Иногда иностранный литератор, с восхищением отзывающийся о русском классике, оказывается в собственной творческой практике крайне далек от него. Известный романист Морис Дрюон не раз, устно и печатно, говорил о своей глубокой привязанности к создателю «Войны и мира». Однако нашумевший цикл романов самого М. Дрюона «Прóклятые короли» по общей своей концепции сильно напоминает те сочинения историков, которые Толстой пародийно пересказал в эпилоге «Войны и мира»: у такого-то короля были «такие-то любовницы и такие-то министры, и он дурно управлял Францией»… Принципы Толстого-романиста не пошли впрок французскому писателю, находящемуся во власти традиций буржуазной исторической беллетристики.

Жизнь той или другой национальной литературы в инонациональной среде – это всегда процесс динамический, многосложный, определяемый разнообразными предпосылками, включающий множество индивидуальных фактов. Нецелесообразно иллюстрировать мировое значение того или иного русского классика – как это часто делается – декларативными утверждениями, перечислительными оборотами: Толстой повлиял на иностранных писателей А, Б, В; Достоевский – на Г, Д, Е; Тургенев повлиял на… и так далее: ведь в каждом отдельном случае важно установить, кто именно подвергся влиянию, каков был характер влияния и его границы.

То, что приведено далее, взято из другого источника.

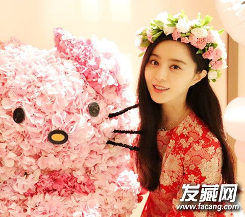 继戛纳的“花姑娘”造型后,范少女深陷繁花不能自拔,生日再过一把花仙子瘾,这次长发飘飘带花环,“霸气”不见了,清甜可人仙气十足,可比身边的大kitty猫美太多!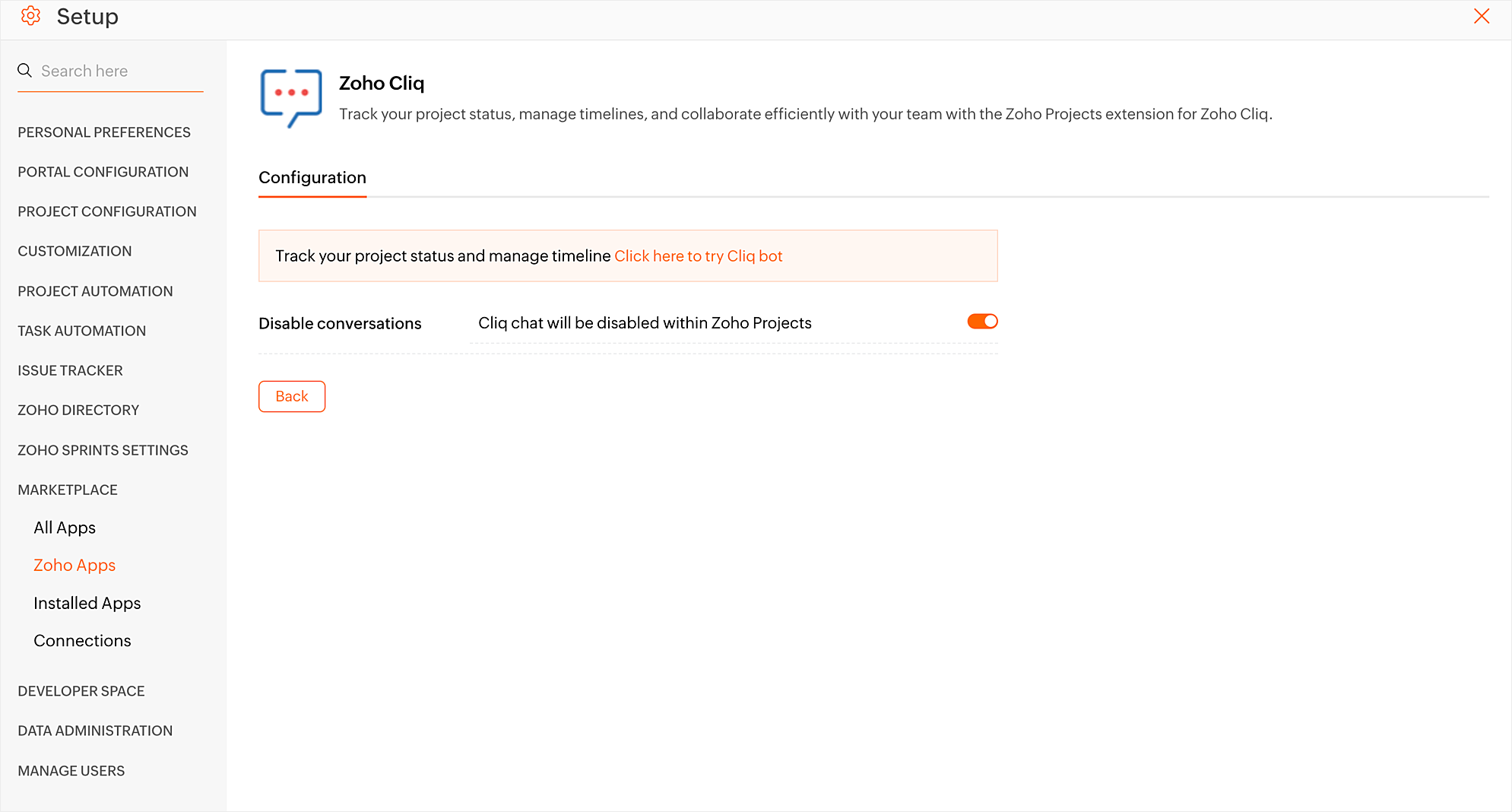 1. Navigate to > Marketplace > Zoho Apps > Zoho Cliq.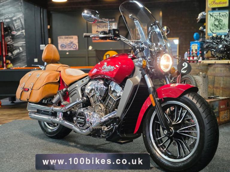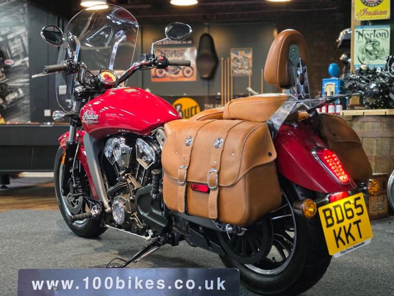 2016 Indian Scout 1133cc in Red with only 2,000 Mile's. What a lovely bike. Very Low Mile's & Fantastic spec. Comes with £1,500 worth of Indian Leather Panniers, Sissy Bar and Rack, Screen, Vance & Hines Exhausts. Easily £3,000 worth of Accessories. £7,995

Бытование, функционирование русской литературы в литературной и общественной жизни зарубежных стран представляет в совокупности картину крайне пеструю. Тут необходим вдумчивый, дифференцированный подход, даже если ограничить исследование рамками нескольких наиболее богатых западных литератур. Неуместно, даже и в этих рамках, бездумно оперировать глобальным понятием «Запад», – литературный «Запад» многоразличен.

Острая социальная проблемность русской классической литературы, смелость ее художественных открытий – все это рождало и рождает разногласия: в них по-своему отражается расстановка идейно-литературных сил в каждой из зарубежных стран, где публиковались и читались русские книги. Русская литература вошла в литературу мировую в атмосфере споров, не прекратившихся и по сей день.

Громадная заслуга Тургенева как пропагандиста русской литературы за рубежом была не только в том, что он сам силою своего таланта был живым доказательством ее оригинальности и творческой мощи, не только в том, что он самоотверженно продвигал книги русских собратьев к иностранному читателю, но и в том, что за его творчеством и личностью, за его бесчисленными рассказами о России в парижском литературном кругу вставал образ великой страны, охваченной социальным брожением. Именно это представление о России – и о русской литературе – отозвалось в статьях о Тургеневе, опубликованных Франсом (1877) и Мопассаном (1880, 1883) еще до того, как Вогюэ выпустил свою, ставшую знаменитой, книгу «Русский роман» (1886).

О достоинствах и недостатках этой книги у нас не раз уже говорилось. Тонкая, во многом проницательная характеристика художественных завоеваний русской прозы сочеталась у Вогюэ с неисторической, внесоциальной ее трактовкой. Именно отсюда берут свое начало те интерпретации русской литературы в духе иррационализма и мистицизма, которые живут – вплоть до нашего времени – в работах довольно многочисленных зарубежных русистов3.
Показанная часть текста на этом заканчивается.